(RECORD SET Opens)
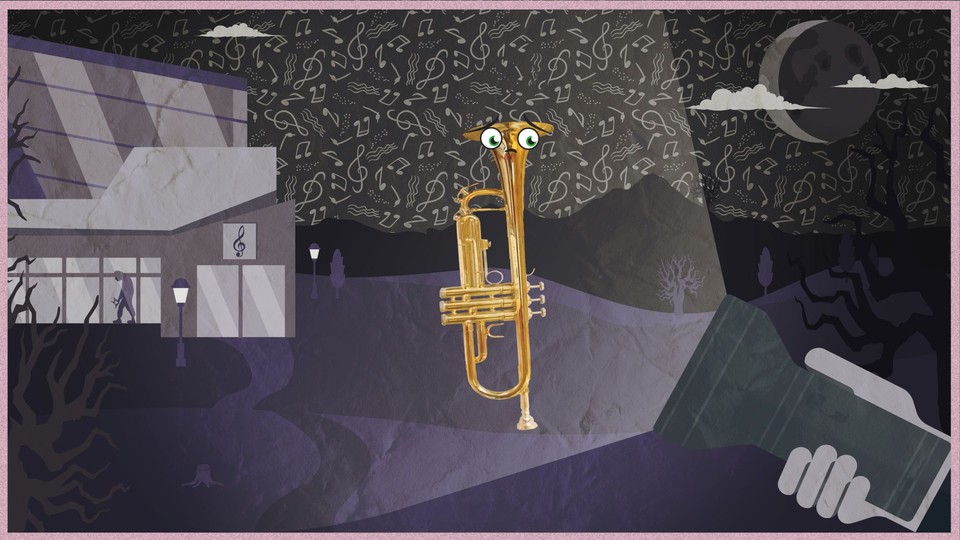Trumpet har kidnappats av den elaka vaktmästaren. Nere i förrådet i källaren lär han känna Tuba och Klarinett. Trumpet gör allt han kan för att komma upp till scenen igen. Han tutar högt för att signalera om hjälp, men det skulle han aldrig ha gjort... Vi lär oss om blåsinstrumentet Trumpet. Hur den ser ut, låter och känns. Vi fördjupar oss i Klarinett och får höra den spela olika stycken med varierande rytm, tempo och tonläge.
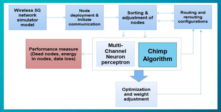 Creatingsystemarchitectureforasecure,energy-optimized modelforwirelessnetworkprocessesusingamultichannel neuralperceptroninvolvesintegratingvariouscomponents andlayerstoachieveseamlessoperation.Belowmentioned diagramisanoutlineoftheproposedarchitecture:
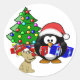Adesivo Redondo Papais noeis de pinguim e Cão-de-Reena
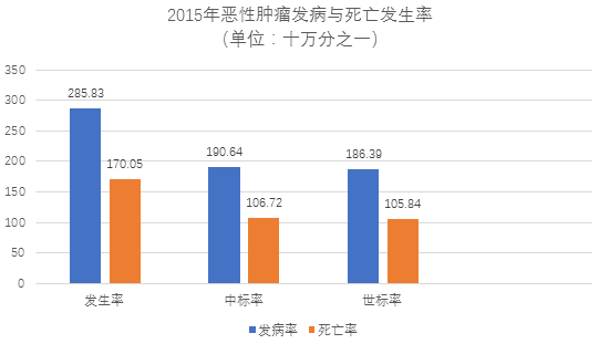 2015年恶性肿瘤发病率为285.83/10万,中标率(中标率:人口标准化率按照2000年中国标准人口结构)为190.64/10万,世标率(世标率:人口标准化率按照Segi's世界标准人口结构)为186.39/10万,累积率(0~74岁)为21.44%。2015年中国恶性肿瘤死亡率为170.05/10万,中标率为106.72/10万,世标率为105.84/10万,累积率(0~74岁)为11.94%。
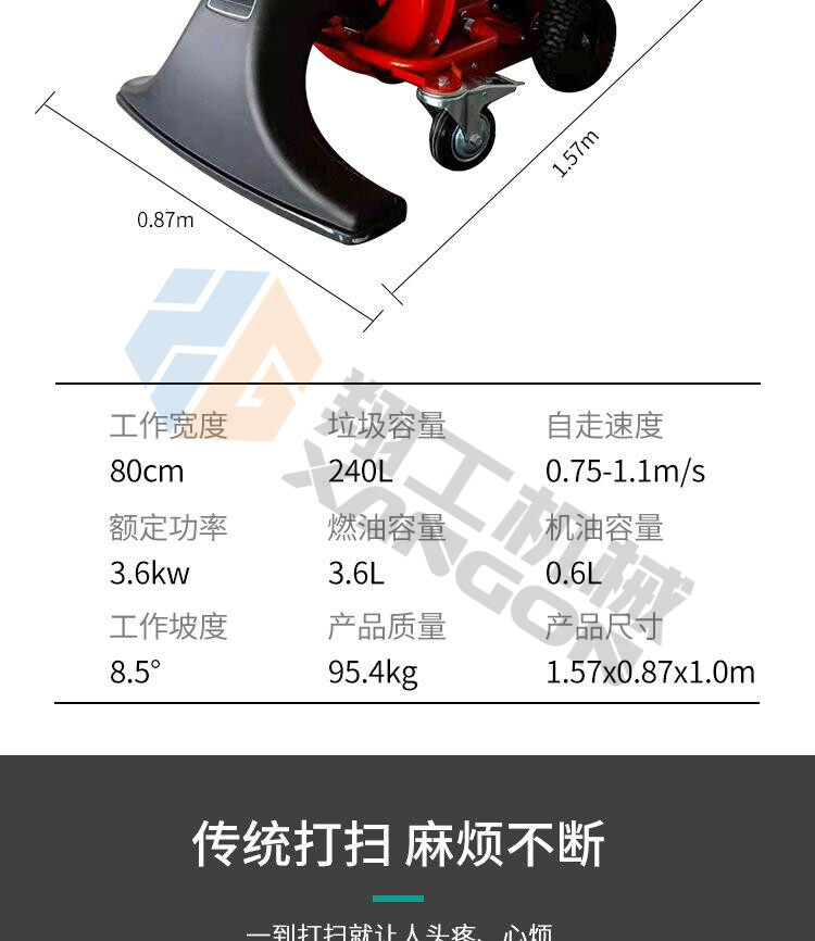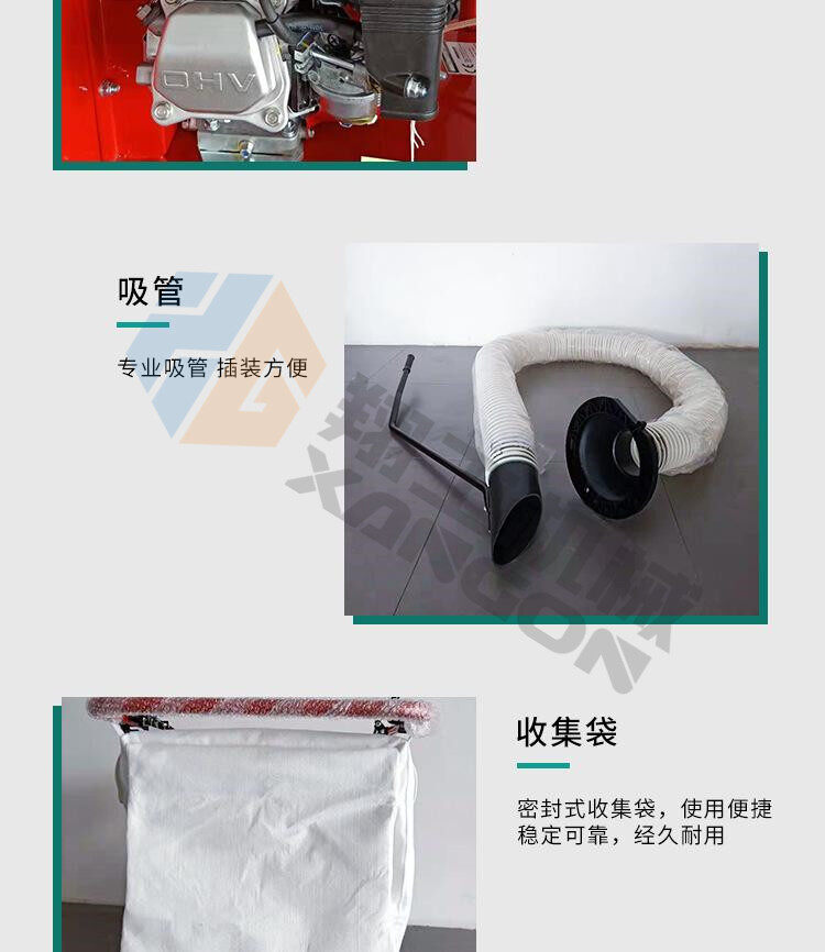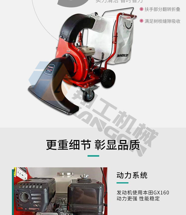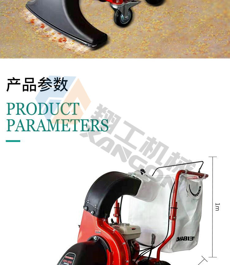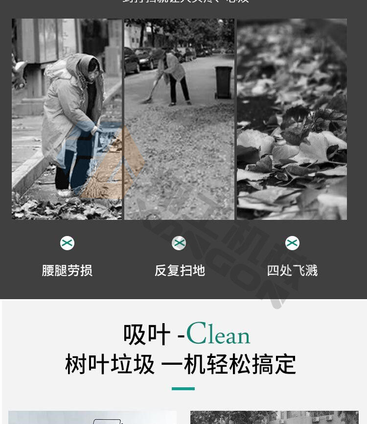 該設備工作效率高,比人工清掃效率高幾倍,可手推助力行走。垃圾儲存袋采用便捷式方式,便于更換垃圾,且使用成本較低。吸口可配置延長管,用來吸收綠化帶中的落葉和垃圾。吸口高度可調,面對落葉較厚或大的法桐樹葉較多的區域,也能輕松收集干凈。目前以用在環衛人行道、園林、物業小區、校園、公園、廣場、工廠廠區和車間等得到廣泛應用。
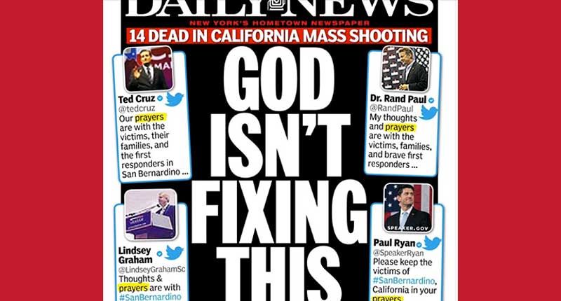 The New York Daily News directly mocked Republican presidential candidates on the cover of its Thursday edition, which reads "GOD ISN'T FIXING THIS" alongside tweets from several contenders:
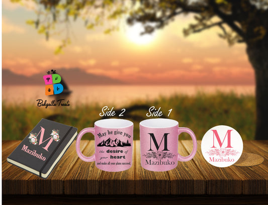 Personalized Glitter Cup & Notebook Gift Combo
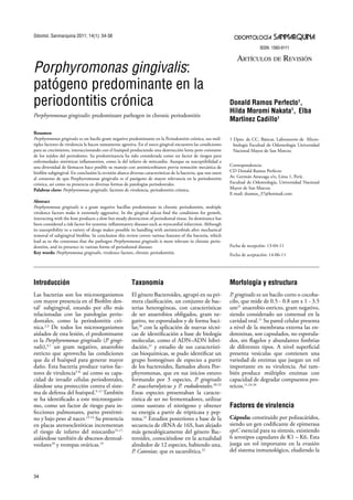 Porphyromonas gingivalis es un patógeno gram negativo predominante en la periodontitis crónica. Produce múltiples factores de virulencia como cápsula, endotoxina, vesículas de membrana externa, hemaglutininas, fimbrias y proteasas que le permiten invadir células, evadir el sistema inmune y destruir tejidos periodontales. Su presencia en el biofilm subgingival causa una inflamación y destrucción ósea progresiva. Además, su predominio se ha relacion
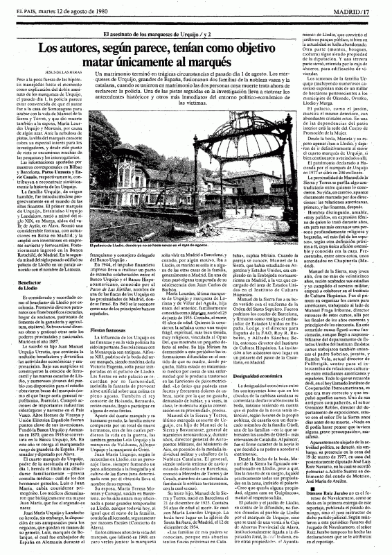 Portadas y noticias de 1980 sobre el asesinato de los marqueses de Urquijo
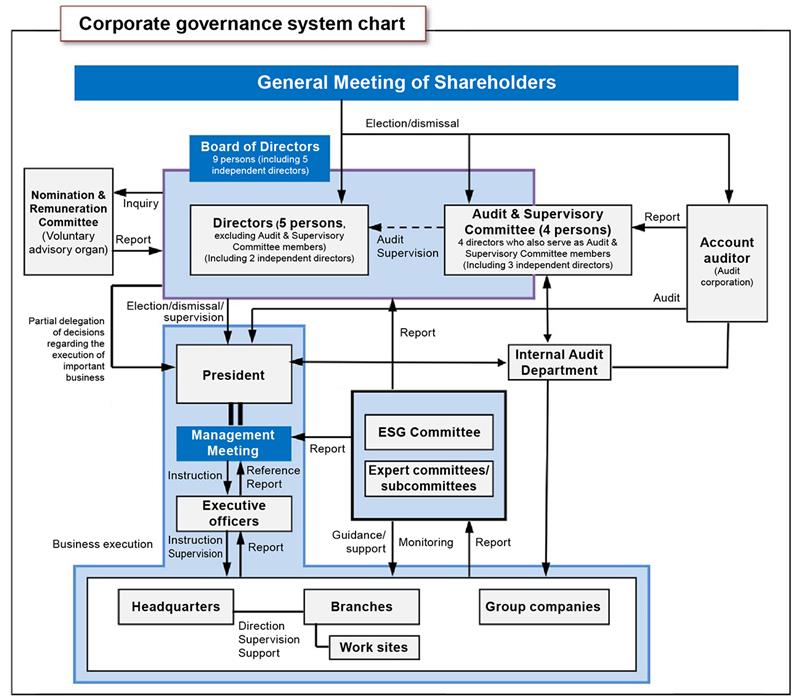 Under the management philosophy of “striving for prosperity through advanced technology and fulfilling social responsibilities through sound management,” the Group has set the long-term vision , which is “Building a prosperous society and connecting people with the world for a better future.” By steadily implementing its domestic civil engineering business, domestic building construction business, overseas business, and other businesses, the Company aims to achieve management practices that are trusted by all stakeholders and meet their expectations. At the same time, the Company will promote ESG management to contribute to a sustainable society and the achievement of the SDGs. Our basic policy is to continually ensure the soundness and transparency of our corporate activities by consistently adhering to laws, regulations, social norms, and corporate ethics, and by establishing a management structure that enables prompt and flexible responses.
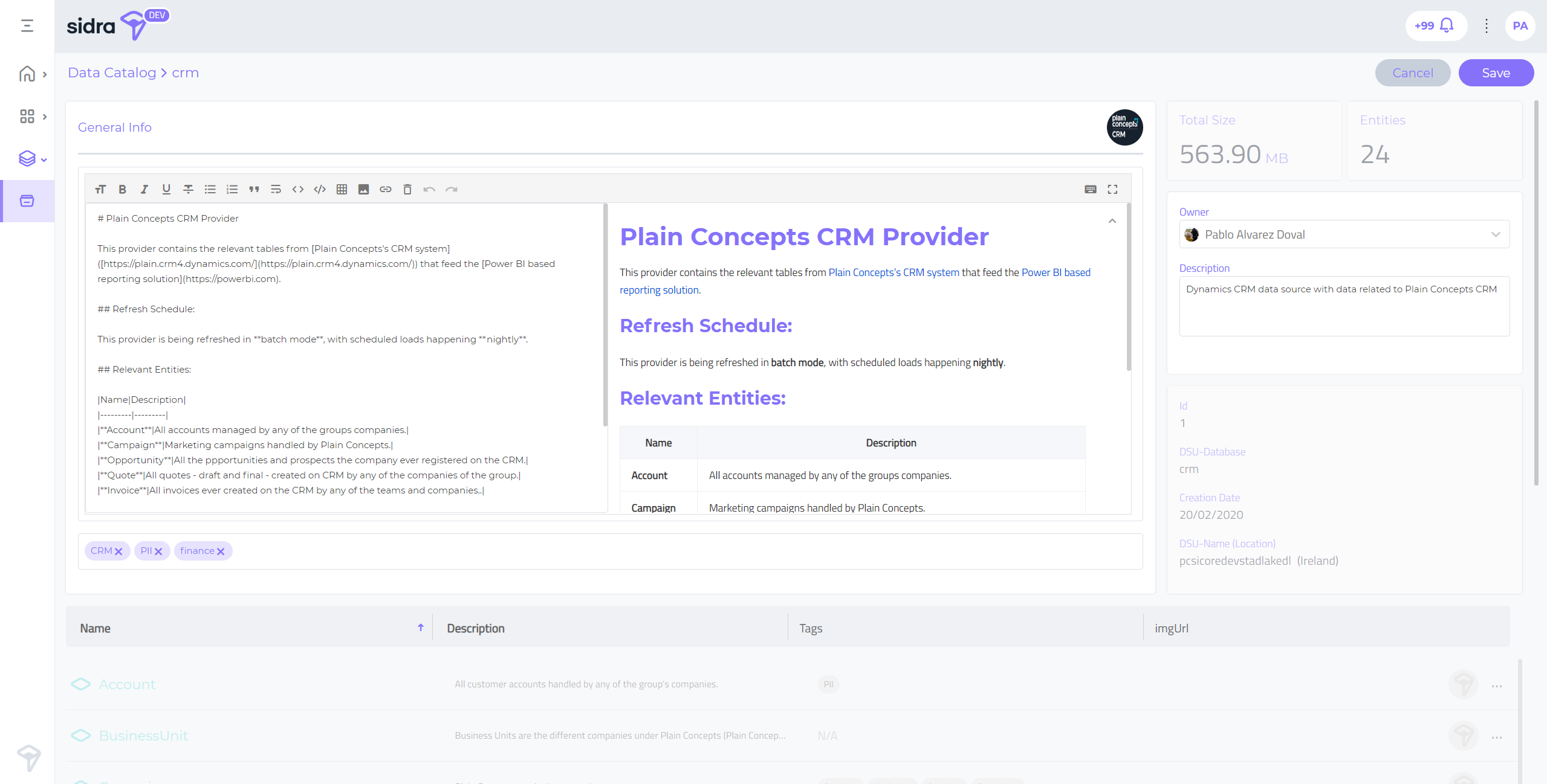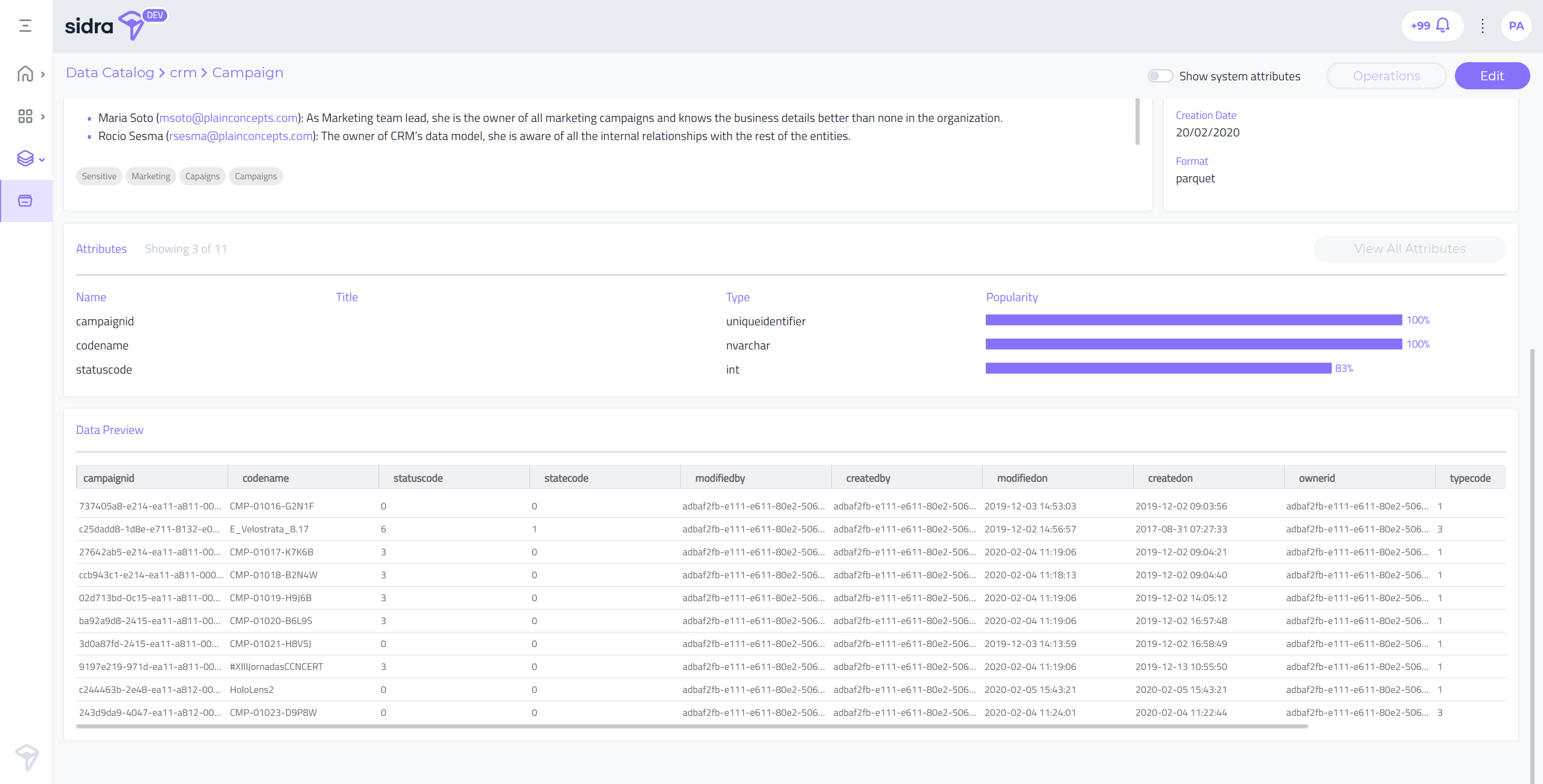 Quite often, good things come from of challenging times... and these are indeed challenging times. Our team has worked extremely hard with our current customers and partners to build, without a doubt, the biggest release in the history of Sidra. The Foolish Flamenco release completes the huge security overhaul started with the October 2019 release with the implementation of the new security model on the Extract API, as well as the adoption of Balea, an open-source authorization framework for ASP.NET Core. We are adding a massive number of key improvements and capabilities to the Data Catalog web UI, including metadata editing for Providers and Entities, Data Preview with data masking support, as well as many other small updates.
(RECORD SET Closes)
→ PROBLEM DESCRIPTION
No picture belongs in the copy. Print every entry above exactly as it stands.

→ RESULT OF THIS EXERCISE
Trumpet har kidnappats av den elaka vaktmästaren. Nere i förrådet i källaren lär han känna Tuba och Klarinett. Trumpet gör allt han kan för att komma upp till scenen igen. Han tutar högt för att signalera om hjälp, men det skulle han aldrig ha gjort... Vi lär oss om blåsinstrumentet Trumpet. Hur den ser ut, låter och känns. Vi fördjupar oss i Klarinett och får höra den spela olika stycken med varierande rytm, tempo och tonläge.
 Creatingsystemarchitectureforasecure,energy-optimized modelforwirelessnetworkprocessesusingamultichannel neuralperceptroninvolvesintegratingvariouscomponents andlayerstoachieveseamlessoperation.Belowmentioned diagramisanoutlineoftheproposedarchitecture:
Adesivo Redondo Papais noeis de pinguim e Cão-de-Reena
 2015年恶性肿瘤发病率为285.83/10万,中标率(中标率:人口标准化率按照2000年中国标准人口结构)为190.64/10万,世标率(世标率:人口标准化率按照Segi's世界标准人口结构)为186.39/10万,累积率(0~74岁)为21.44%。2015年中国恶性肿瘤死亡率为170.05/10万,中标率为106.72/10万,世标率为105.84/10万,累积率(0~74岁)为11.94%。
 該設備工作效率高,比人工清掃效率高幾倍,可手推助力行走。垃圾儲存袋采用便捷式方式,便于更換垃圾,且使用成本較低。吸口可配置延長管,用來吸收綠化帶中的落葉和垃圾。吸口高度可調,面對落葉較厚或大的法桐樹葉較多的區域,也能輕松收集干凈。目前以用在環衛人行道、園林、物業小區、校園、公園、廣場、工廠廠區和車間等得到廣泛應用。
 The New York Daily News directly mocked Republican presidential candidates on the cover of its Thursday edition, which reads "GOD ISN'T FIXING THIS" alongside tweets from several contenders:
 Personalized Glitter Cup & Notebook Gift Combo
 Porphyromonas gingivalis es un patógeno gram negativo predominante en la periodontitis crónica. Produce múltiples factores de virulencia como cápsula, endotoxina, vesículas de membrana externa, hemaglutininas, fimbrias y proteasas que le permiten invadir células, evadir el sistema inmune y destruir tejidos periodontales. Su presencia en el biofilm subgingival causa una inflamación y destrucción ósea progresiva. Además, su predominio se ha relacion
 Portadas y noticias de 1980 sobre el asesinato de los marqueses de Urquijo
 Under the management philosophy of “striving for prosperity through advanced technology and fulfilling social responsibilities through sound management,” the Group has set the long-term vision , which is “Building a prosperous society and connecting people with the world for a better future.” By steadily implementing its domestic civil engineering business, domestic building construction business, overseas business, and other businesses, the Company aims to achieve management practices that are trusted by all stakeholders and meet their expectations. At the same time, the Company will promote ESG management to contribute to a sustainable society and the achievement of the SDGs. Our basic policy is to continually ensure the soundness and transparency of our corporate activities by consistently adhering to laws, regulations, social norms, and corporate ethics, and by establishing a management structure that enables prompt and flexible responses.
 Quite often, good things come from of challenging times... and these are indeed challenging times. Our team has worked extremely hard with our current customers and partners to build, without a doubt, the biggest release in the history of Sidra. The Foolish Flamenco release completes the huge security overhaul started with the October 2019 release with the implementation of the new security model on the Extract API, as well as the adoption of Balea, an open-source authorization framework for ASP.NET Core. We are adding a massive number of key improvements and capabilities to the Data Catalog web UI, including metadata editing for Providers and Entities, Data Preview with data masking support, as well as many other small updates.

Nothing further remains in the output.